# Source data
☆ ☆ ☆ ☆ ☆ ☆ ☆

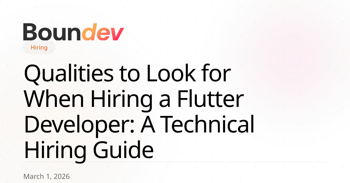 Boundev's technical screening evaluates all 10 qualities covered in this guide—Dart proficiency, state management patterns, platform channel expertise, and more. We match you with Flutter developers who've shipped production apps, not tutorial projects.
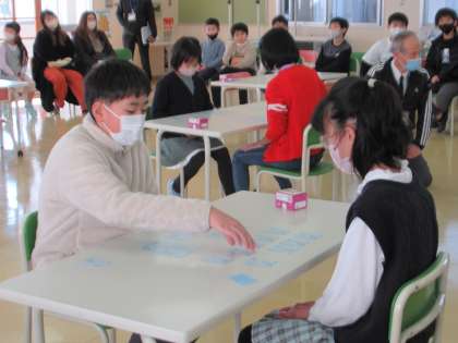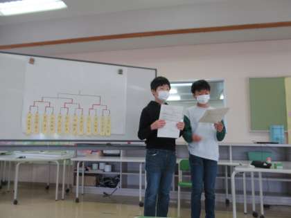 4・5・6年生で百人一首大会を行いました。昨日までに各クラスで予選を行い、今日は代表の児童が競い合いました。代表は真剣な表情で札に向き合い、応援に来た子も、クラスの代表の健闘を固唾をのんで見守りました。
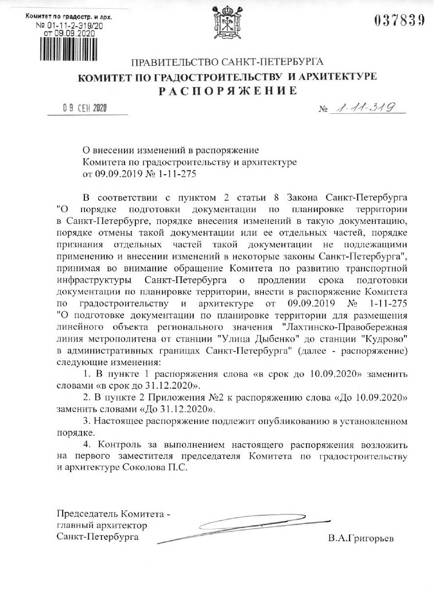 9 сентября 2019 г. подписано распоряжение Комитета по градостроительству и архитектуре № 1-11-275 "О подготовке документации по планировке территории для размещения линейного объекта "Строительство Лахтинско-Правобережной линии метрополитена от станции "Улица Дыбенко" до станции "Кудрово" в административных границах Санкт-Петербурга". Срок подготовки документации по планировке территории - 10.09.2020 г.
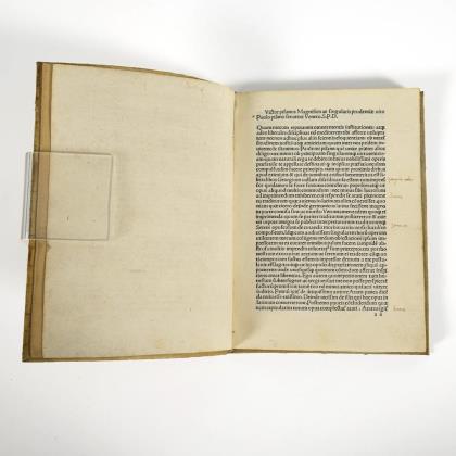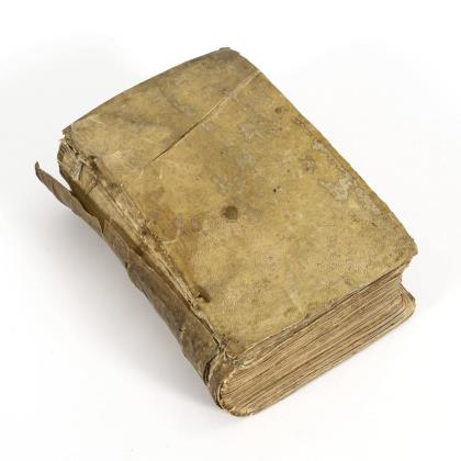 109 Textseiten in lateinischer Sprache, im broschierten Pergamenteinband. Ohne Titelseite, Zuschreibung durch letzte Seite möglich
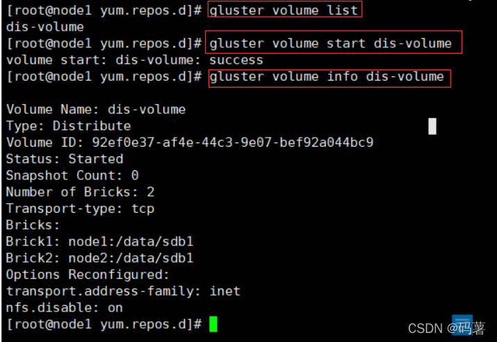 gluster volume create dis-volume node1:/data/sdb1 node2:/data/sdb1 force
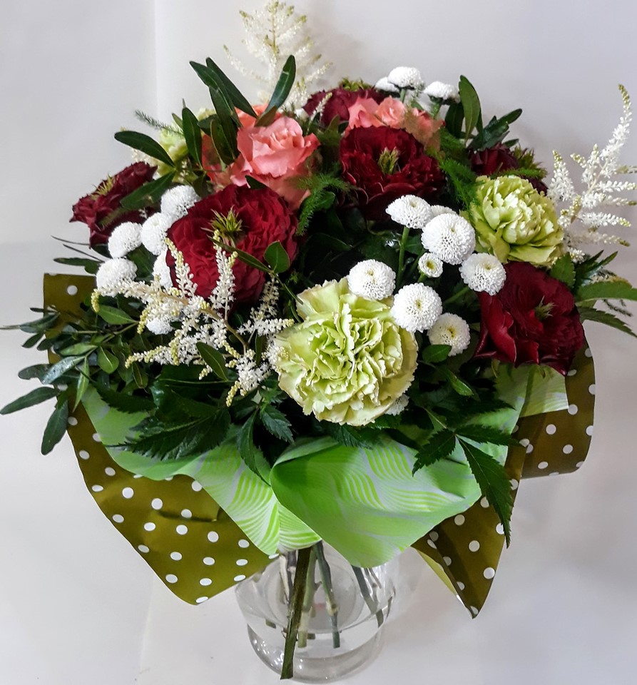 Średniej wielkości bukiet z róż , goździków, santini, dodatki dekoracyjne wszystko wykończone pasującą kryzą.
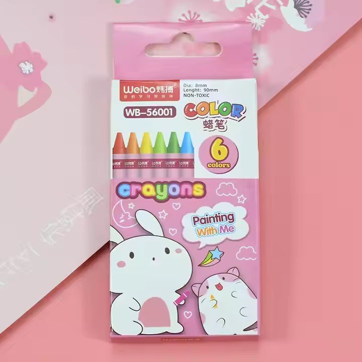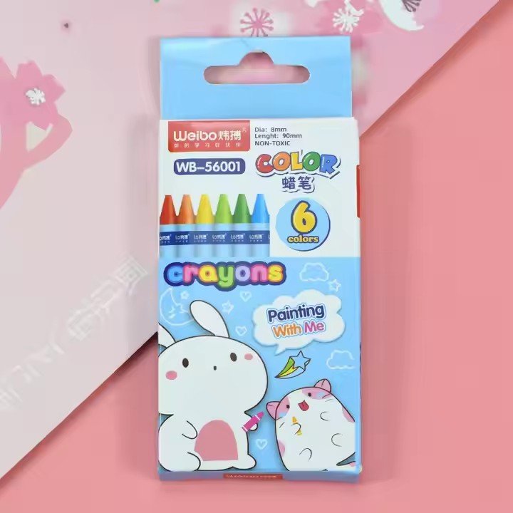 Weibo WB-56001 Kids Crayon Set – 6-Color Non-Toxic Smooth Crayons for Children Painting & Early Learning

☆ ☆ ☆ ☆ ☆ ☆ ☆

# What to do
The data above must be written out again word for word, without its pictures.

# Task output
 Boundev's technical screening evaluates all 10 qualities covered in this guide—Dart proficiency, state management patterns, platform channel expertise, and more. We match you with Flutter developers who've shipped production apps, not tutorial projects.
 4・5・6年生で百人一首大会を行いました。昨日までに各クラスで予選を行い、今日は代表の児童が競い合いました。代表は真剣な表情で札に向き合い、応援に来た子も、クラスの代表の健闘を固唾をのんで見守りました。
 9 сентября 2019 г. подписано распоряжение Комитета по градостроительству и архитектуре № 1-11-275 "О подготовке документации по планировке территории для размещения линейного объекта "Строительство Лахтинско-Правобережной линии метрополитена от станции "Улица Дыбенко" до станции "Кудрово" в административных границах Санкт-Петербурга". Срок подготовки документации по планировке территории - 10.09.2020 г.
 109 Textseiten in lateinischer Sprache, im broschierten Pergamenteinband. Ohne Titelseite, Zuschreibung durch letzte Seite möglich
 gluster volume create dis-volume node1:/data/sdb1 node2:/data/sdb1 force
 Średniej wielkości bukiet z róż , goździków, santini, dodatki dekoracyjne wszystko wykończone pasującą kryzą.
 Weibo WB-56001 Kids Crayon Set – 6-Color Non-Toxic Smooth Crayons for Children Painting & Early Learning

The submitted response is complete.